Four is a very good size for a large project. Going above that takes a lot of work and is inefficient on a per-programmer basis, unless you have administrative workers who don't program to do the organization. The "human as four-port" analysis shows why.
Consider a human as a "black box" with a number of "ports", representing equal divisions of his time and/or attention. Each port represents enough time per day to communicate with one co-worker or to do one unit of work. Assume also that this amount is such that the number of "ports" on a programmer is about four. (It's probably a bit larger, but four is close and easy to draw.)
In a given amount of time, with a single-committee project:
A one-man project does four units of work:
A two-man project does six units of work:
A three-man project also does six units of work:
A four-man project does FOUR units of work:
And a five-man project bogs down in talk and does no work at all:
With a different number of "ports" the maximum-work group size changes, but the shape of the curve is the same: Adding people first raises the amount of work done, then levels out, then DROPs it until the group paralyzes. For N ports the stall is at N+1 workers. N work about as well as 1 and (N+1)/2 get the maximum work out.(Ever wonder why you spend half your time in meetings? THAT's why! If the goal is to get the project done in the shortest time regardless of personnel cost, the most effective size for a group of peers has each worker spending about half his time interacting with other workers.)
Now there are a number of ways around that. For instance:
1 Keep the team small (or one-man) and push out the delivery date.
2 Reduce the "bandwidth" of the communication ports and expand that of the work ports by assigning work on natural modularity boundaries.
3 Build a hierarchical organization, with some people specializing in communication (and doing little or no "work" on the code) and others mostly doing "work" but only interacting with their comm specialist (administrator) and maybe coworkers on closely-associated modules.
4 Build a hierarchical organization with one or a core group making final inclusion decisions and the bulk of the organization doing actual coding in small snippets.
Taking 1 to the limit results in a bunch of one-man projects with long delivery schedules. One man is the most productive on a code-per-manhour basis. But if the project is too large he slows down asymptopically as he approaches his "boggle limit" - the largest codebase he can maintain single-handed but no logner expand. That was once estimated at about 10K-20K lines of code (about the size of the System 6 Unix kernel, through NO coincidence).
Taking 2 to the extreme is what you get if you conider the open-source movement as a whole as a single project: The developers on each project need little communication with the developers of the others, beyond standards promulgated by a few core developers. Within a project it's the natural way to go, but there are limits to how much it can help.

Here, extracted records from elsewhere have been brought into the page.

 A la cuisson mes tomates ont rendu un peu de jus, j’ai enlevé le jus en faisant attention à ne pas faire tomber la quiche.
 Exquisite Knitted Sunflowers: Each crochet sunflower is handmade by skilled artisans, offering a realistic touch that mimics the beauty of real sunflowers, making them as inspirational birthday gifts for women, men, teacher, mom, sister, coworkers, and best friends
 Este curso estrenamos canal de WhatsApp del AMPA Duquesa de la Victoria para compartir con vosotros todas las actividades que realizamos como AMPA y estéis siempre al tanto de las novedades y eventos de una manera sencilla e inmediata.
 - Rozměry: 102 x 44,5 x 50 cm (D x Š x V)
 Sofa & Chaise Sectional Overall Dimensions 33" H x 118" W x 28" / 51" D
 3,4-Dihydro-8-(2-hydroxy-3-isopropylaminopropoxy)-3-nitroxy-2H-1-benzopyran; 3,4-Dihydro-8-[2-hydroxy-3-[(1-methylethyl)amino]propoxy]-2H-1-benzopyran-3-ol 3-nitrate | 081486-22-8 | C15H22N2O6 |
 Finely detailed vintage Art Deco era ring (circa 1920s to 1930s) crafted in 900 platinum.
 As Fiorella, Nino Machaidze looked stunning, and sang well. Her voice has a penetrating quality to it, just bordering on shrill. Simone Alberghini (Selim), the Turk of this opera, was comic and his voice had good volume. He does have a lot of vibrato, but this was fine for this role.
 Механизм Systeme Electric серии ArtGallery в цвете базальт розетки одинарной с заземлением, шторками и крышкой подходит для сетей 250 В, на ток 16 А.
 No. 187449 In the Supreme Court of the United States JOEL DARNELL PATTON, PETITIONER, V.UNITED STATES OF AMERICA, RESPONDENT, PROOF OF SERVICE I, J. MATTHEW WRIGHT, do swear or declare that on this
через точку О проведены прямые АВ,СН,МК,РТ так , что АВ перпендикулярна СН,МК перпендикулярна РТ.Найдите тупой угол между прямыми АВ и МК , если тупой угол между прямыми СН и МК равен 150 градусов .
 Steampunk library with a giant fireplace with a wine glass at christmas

3 represents your typical industrial software operation. But open-source developers usually hate to become pointy-haired bosses and stop codiing themselves, and without paychecks to hand out they have a lot more trouble herding the cats. So a few big open-source projects are be run by one or a few notable developers with strong personalities who are able to bite that bullet on managing-over-coding and use reputation points in place of paychecks to motivate their workforces. And the rest are one-mans or small teams of friends, self-organizing in grand primate style along the lines of 4.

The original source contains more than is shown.